U.S. auto sales in February remain strong despite rising fuel prices and the threat of fresh government spending cuts, several forecasters and analysts say.
LMC Automotive, the forecasting partner of J.D. Power and Associates, today projected a seasonally adjusted annualized sales rate of 15.2 million for February, based on the first 14 days of the month.
Citing an improving U.S. economy, LMC also raised its estimate for the full year by 200,000 units to 15.3 million light vehicles.
U.S. sales grew 13 percent last year to 14.5 million units, as the industry continued its comeback from the recession low of 10.4 million recorded in 2009.
"Current fundamentals driving strong vehicles sales … are expected to get a boost by additional positive factors this year," said Jeff Schuster, the company's top auto forecaster, citing an anticipated housing recovery, more new-model launches and a higher number of vehicles coming off lease.
Automakers plan to release February sales results on March 1.
John Humphrey, senior vice president of global automotive practice at Power, said the auto industry is healthy.
"Average transaction prices are up, incentives are stable, leasing is at a healthy level and newly designed models continue to make an impact on the marketplace," he said in a statement.
Edmunds.com estimates February volume at 15.5 million on a seasonally adjusted annualized sales rate basis.
"Car sales are persevering despite economic factors on people's minds like rising gas prices and the implementation of the payroll tax," said Edmunds analyst Jessica Caldwell in a statement, citing pent-up demand and available credit as positive factors.
It would be the fourth straight month with a sales pace above 15 million, the first such streak for the industry in five years.
LMC Automotive expects the February retail SAAR to be 12.1 million, down from January's brisk 13.1 million rate but up from 11.7 million last February.
Richard Kwas, an analyst with Wells Fargo, said today the SAAR is expected to reach 15.1 million to 15.2 million, and could climb higher, in February.

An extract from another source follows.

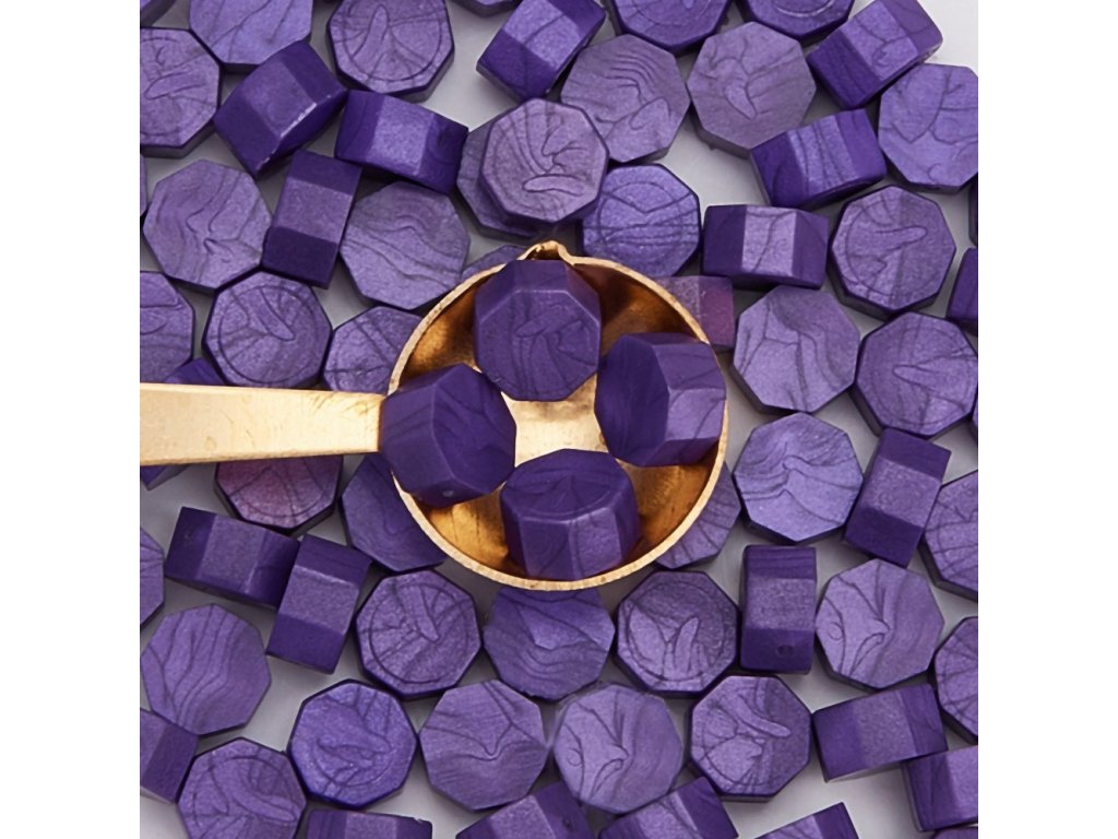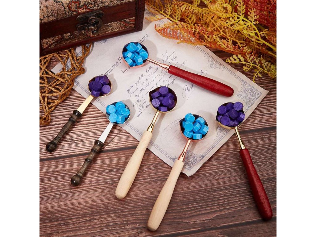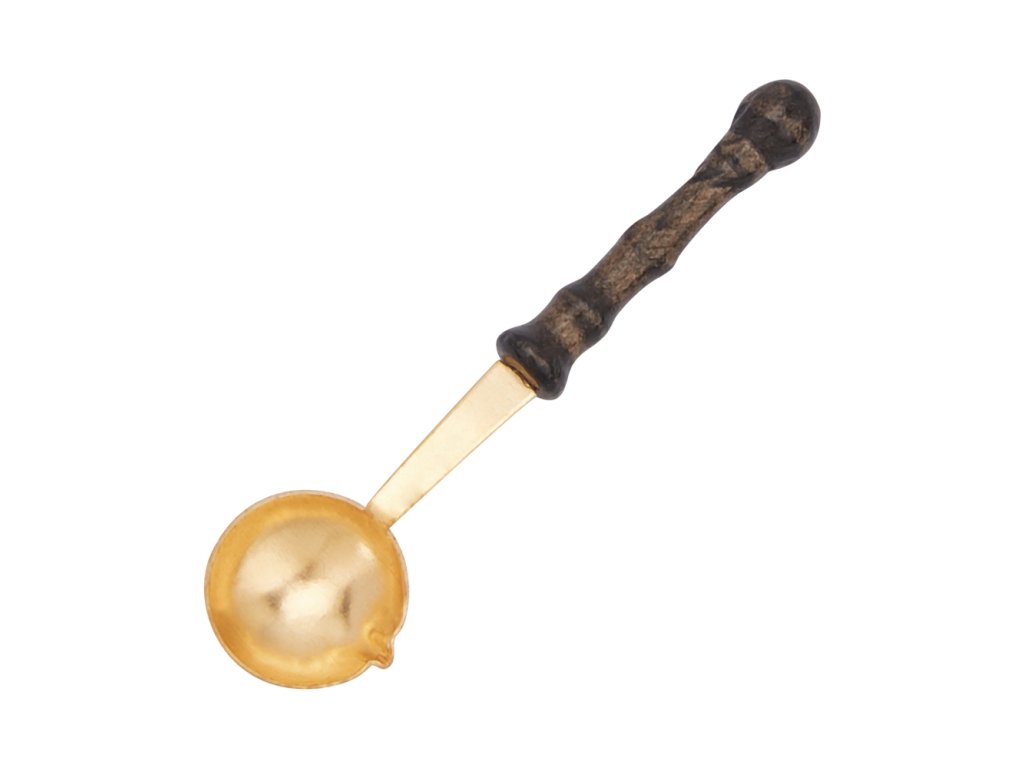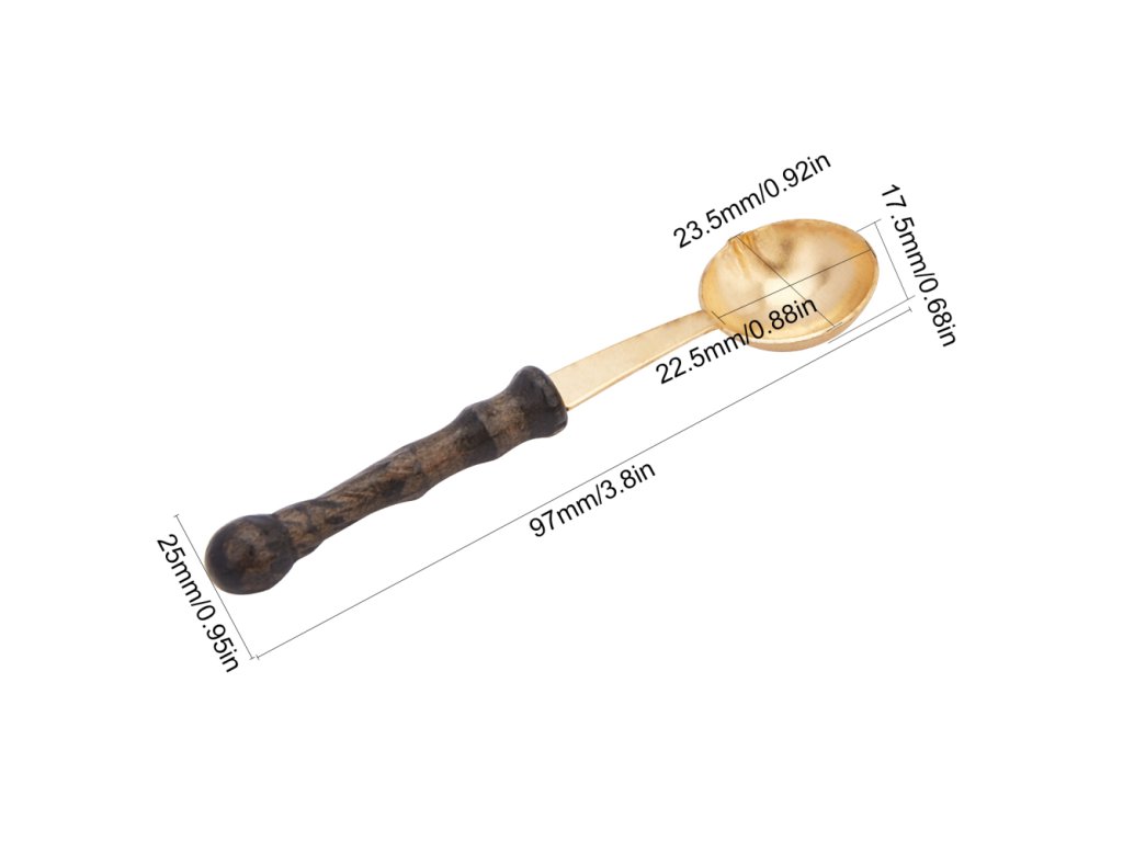 Kovová lžička pro tavení vosku nad svíčkou. Lžička má dřevěnou rukojeť.

"A number of [automakers] have introduced new incentive programs through the end of the month post the expiration of President's Day spiff programs," Kwas said in a research report today. "[Higher] North American production ... is possible if the SAAR begins to trend in the mid-15 million range beginning in the spring."
Auto sales -- an ongoing strength in the U.S. economy -- have largely defied other developments that have led to a choppy recovery and prompted some consumers to cut back spending in recent months.
U.S. gasoline prices averaged $3.75 a gallon this week, up 52 cents so far this year and 16 cents higher than a year ago, the U.S. Energy Information Administration said.
On Jan. 1, payroll taxes rose 2 percent after a two-year holiday lapsed.
And Congress is deadlocked on legislation to avert large government spending cuts. Unless a deal is reached by Thursday, the federal government must implement deep spending reductions in defense and social programs starting March 1.